AlignEZ offers a cost-effective way to improve LLM alignment, potentially enabling real-time personalization and fine-grained control.

5. Limitations and Future Work:

The quality of self-generated preference data influences AlignEZ’s effectiveness.
Further research is needed to explore its applicability to more complex alignment tasks and different data modalities.

In conclusion, AlignEZ presents a promising step towards free self-alignment, offering a cost-effective and potentially scalable approach to aligning LLMs with human preferences.

免费自对齐：让语言模型更懂你？

大型语言模型（LLM）正在改变我们的世界，但它们也存在着一些问题。

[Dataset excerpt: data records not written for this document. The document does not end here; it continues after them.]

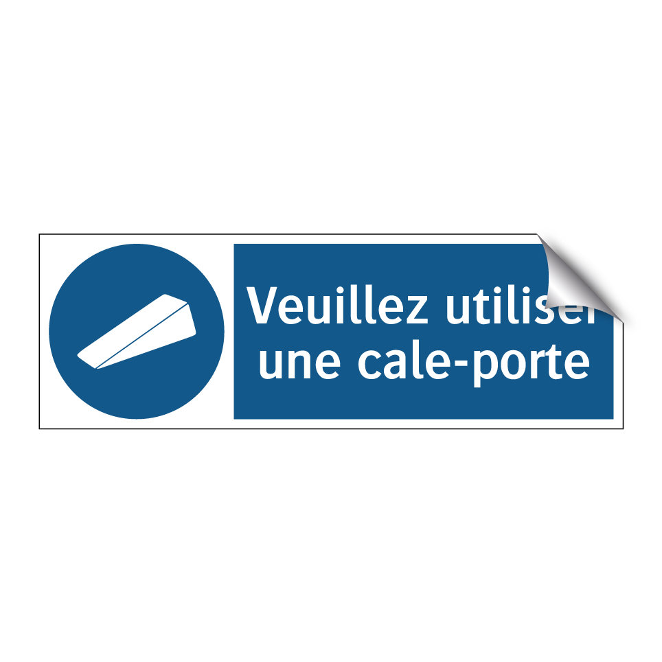 Panneau d'obligation avec le texte : "Veuillez utiliser une cale-porte"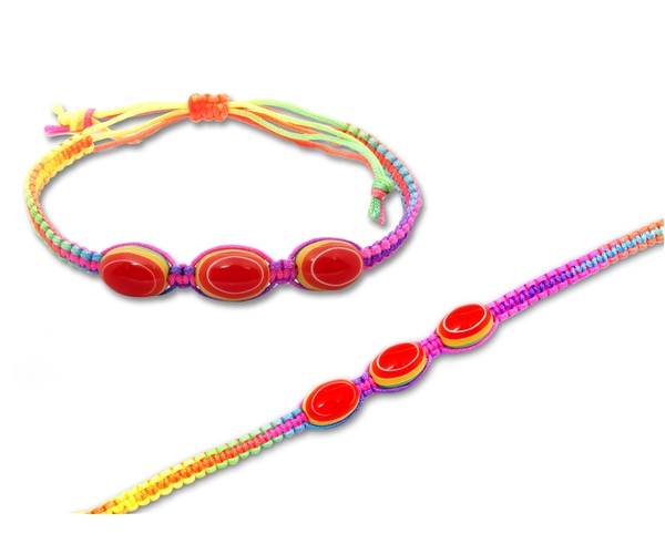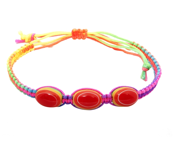 הצמיד עשוי בעבודת יד מחוטים צבעוניים.
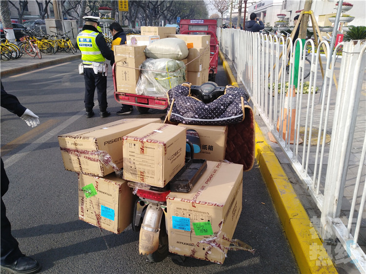 在現(xiàn)場,多輛兩三輪電動車都是因?yàn)檫`法拉貨,不按規(guī)定上路行駛,被交警查扣了。同時,交警對兩三輪電動車的整治會持續(xù)進(jìn)行,違法必被查。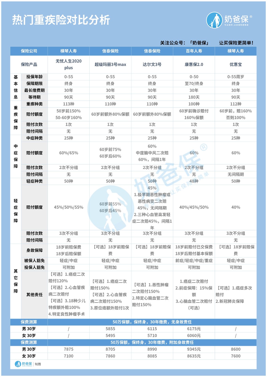 上面奶爸大致给大家介绍了消费型重疾险和返还型重疾险各自是什么和它们二者的区别,为了让大家能直观感受消费型重疾险的保障内容和特点,奶爸做了一张消费型重疾险保障对比表,我们一起来看一看。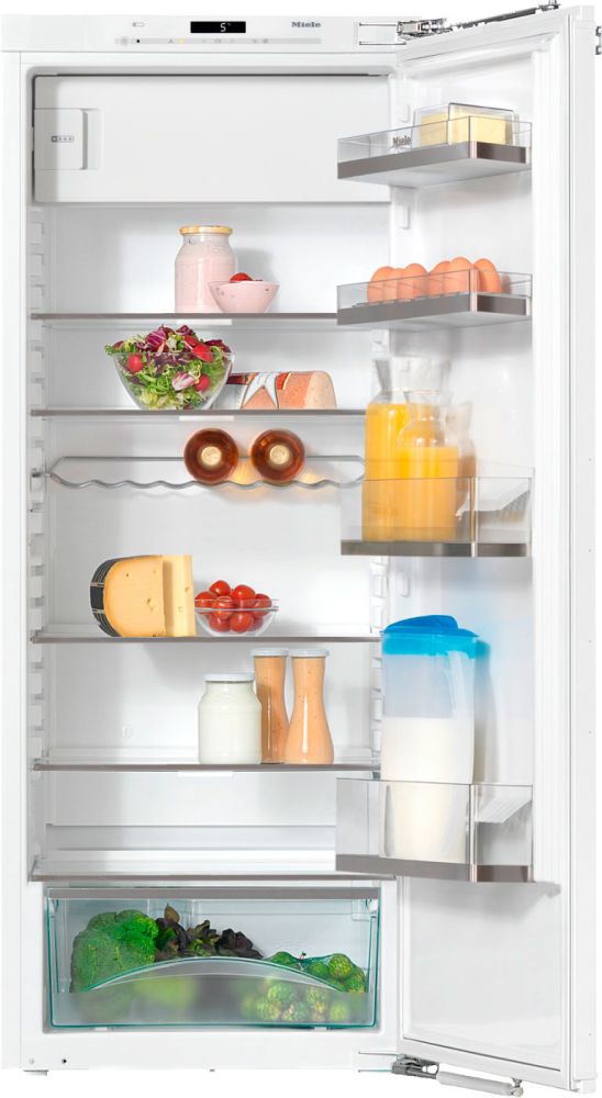 Холодильник K35442i F Встраиваемый холодильник с морозильным отделением Дверной упор правый, переставляемый Габариты (В х Ш х Г): 1395 х 559 х 544 мм Высота ниши: 1400 мм Общий объем: 241 л, зона охлаждения: 221 л, зона замораживания: 20 л Автоматика суперохлаждения/оттаивания 2 переставляемые по высоте полочки, 1 - непереставляемая, 1 бокс для овощей и фруктов Подсветка FlexiLight Гидравлический доводчик двери SoftClose ComfortClean Подставка для яиц, масленка Страна-производитель: Германия Гарания 2 года

比如，它们有时会生成不准确、不友善或带有偏见的信息。为了解决这些问题，研究人员一直在努力对齐 LLM，使其更符合人类的价值观和偏好。

传统的对齐方法通常需要大量的标注数据和大量的计算资源，这对于许多研究人员和开发者来说都是一个巨大的挑战。那么，有没有一种更经济、更便捷的对齐方法呢？

AlignEZ：几乎免费的对齐

最近，来自威斯康星大学麦迪逊分校的研究人员提出了一种名为 AlignEZ 的新方法，它可以实现几乎免费的 LLM 自对齐。AlignEZ 的核心思想是利用 LLM 自身生成的偏好数据来修改其内部表示，从而引导模型生成更符合人类期望的输出。

如何实现自对齐？

AlignEZ 的工作流程主要分为三个步骤：

生成偏好数据： 研究人员首先使用 LLM 自身生成偏好数据。他们向 LLM 提出一些问题，并要求 LLM 描述理想的回答和不理想的回答应该具备的特征。然后，他们再次向 LLM 提出相同的问题，并要求 LLM 根据之前描述的特征生成不同的回答。这样，他们就得到了 LLM 自身生成的偏好数据对。
识别偏好方向： 接下来，研究人员使用这些偏好数据对来识别 LLM 内部表示空间中与人类偏好相关的方向。他们使用两种方法来实现这一目标：
- 奇异值分解 (SVD)： SVD 可以帮助识别 LLM 内部表示空间中主要的方向，这些方向通常与人类偏好相关。
- 对比一致性搜索 (CCS)： CCS 则可以帮助识别 LLM 内部表示空间中的超平面，这个超平面可以将理想的回答与不理想的回答区分开来。
编辑内部表示： 最后，研究人员使用识别出的偏好方向来修改 LLM 的内部表示。他们通过增强与人类偏好相关的方向，并抑制与不理想特征相关的方向来引导 LLM 生成更符合人类期望的输出。

实验结果：显著提高模型性能

研究人员在六个不同的数据集和三种不同的 LLM 架构上测试了 AlignEZ 的效果。结果表明，AlignEZ 可以显著缩小 LLM 与其对齐版本之间的性能差距，平均提高了 31.6%。

更重要的是，AlignEZ 还可以加速更昂贵的对齐方法，例如 DPO。研究人员发现，AlignEZ 可以提高仅使用少量标注数据训练的 DPO 模型的性能。

未来展望：更精准、更个性化的对齐

AlignEZ 的出现为 LLM 对齐领域开辟了新的可能性。研究人员希望未来能够进一步改进 AlignEZ，使其能够更精准地识别人类偏好，并实现更个性化的对齐。

总结

AlignEZ 是一种新颖的 LLM 自对齐方法，它可以利用 LLM 自身生成的偏好数据来实现几乎免费的对齐。AlignEZ 的实验结果表明，它可以显著提高 LLM 的性能，并加速更昂贵的对齐方法。AlignEZ 的出现为 LLM 对齐领域开辟了新的可能性，为未来更精准、更个性化的 LLM 对齐技术奠定了基础。

参考文献

[1] AI@Meta. Llama 3 model card. 2024. URL https://github.com/meta-llama/llama3/blob/main/MODEL_CARD.md.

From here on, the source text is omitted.